From January 2013 to December 2017, there were a total of 1,244 admissions with diagnosis of anemia in neoplastic disease, agranulocytosis, and thrombocytopenia from ICD10 code D630, D70, and D696. We excluded 796 admissions due to repeat patients and incompatible history or investigations with febrile neutropenia. Therefore, during the study period, 267 patients with 448 admissions and 563 episodes of febrile neutropenia were included in this study. The median age of the enrolled children was 5.1 years (range: 1 month–15 years), and 151 patients (56.6%) were male. The most common underlying disease was hematologic malignancy (191 patients, 71.5%). Demographic features of the patients are shown in Table 1. The median white blood cell count at the initial assessment was 670 cells/mm³ (range: 10–235, 150 cells/mm³), and the median absolute neutrophil count was 70 cells/mm³ (range: 0–9, 522 cells/mm³).

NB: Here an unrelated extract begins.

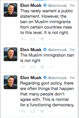 En las publicaciones, el CEO de Tesla y Space X dijo que la orden migratoria "no estaba bien".

3.2. Characteristics of Febrile Neutropenia Episodes

The median interval from the last chemotherapy was 10 days (range: 0–148 days). The median duration of neutropenia was 8 days (range: 1–49 days). The median duration of fever was 3 days (range: 1–38 days). Characteristics of febrile neutropenia episodes are shown in Table 2. From the total number of 563 febrile neutropenia episodes, 279 episodes (49.6%) were categorized as fever of unknown origin, 192 episodes (34.1%) were classified as microbiologically documented infection from an identified pathogen by a laboratory test, and 92 episodes (16.3%) were classified as an infectious etiology from clinical findings without microbiological confirmation (clinically documented infection). Oropharyngeal infection is the most common source of infection in clinically documented infection (26/92; 28%), followed by skin and soft-tissue infection (17/92; 18.5%). Table 3 summarizes the etiologies and outcomes of febrile neutropenic episodes. The mortality rate within 2 weeks of febrile episodes was 3.7%.

Among 192 microbiologically documented febrile neutropenia episodes, there were 214 positive specimens (16 episodes with 2 positive cultures and 3 episodes with 3 positive cultures). The causative microorganisms are shown in Table 4. The most common identified pathogen was bacteria (154 episodes; 72%) followed by viral pathogens (32 episodes, 15%), fungus (27 episodes, 12.6%), and Mycobacterium tuberculosis (1 episode, 0.4%). Gram-negative bacteria were the most common pathogen (48.6%), followed by Gram-positive bacteria (23.4%). Among positive bacterial cultures, the most common bacteria which were isolated were Escherichia coli (38/154; 24.7%), Klebsiella pneumoniae (19/154; 12.3%), and Acinetobacter baumannii (14/154; 9.1%). From positive fungal cultures, the most common isolated pathogens were Aspergillus spp. (12/27; 44%) and Candida spp. (12/27; 44%).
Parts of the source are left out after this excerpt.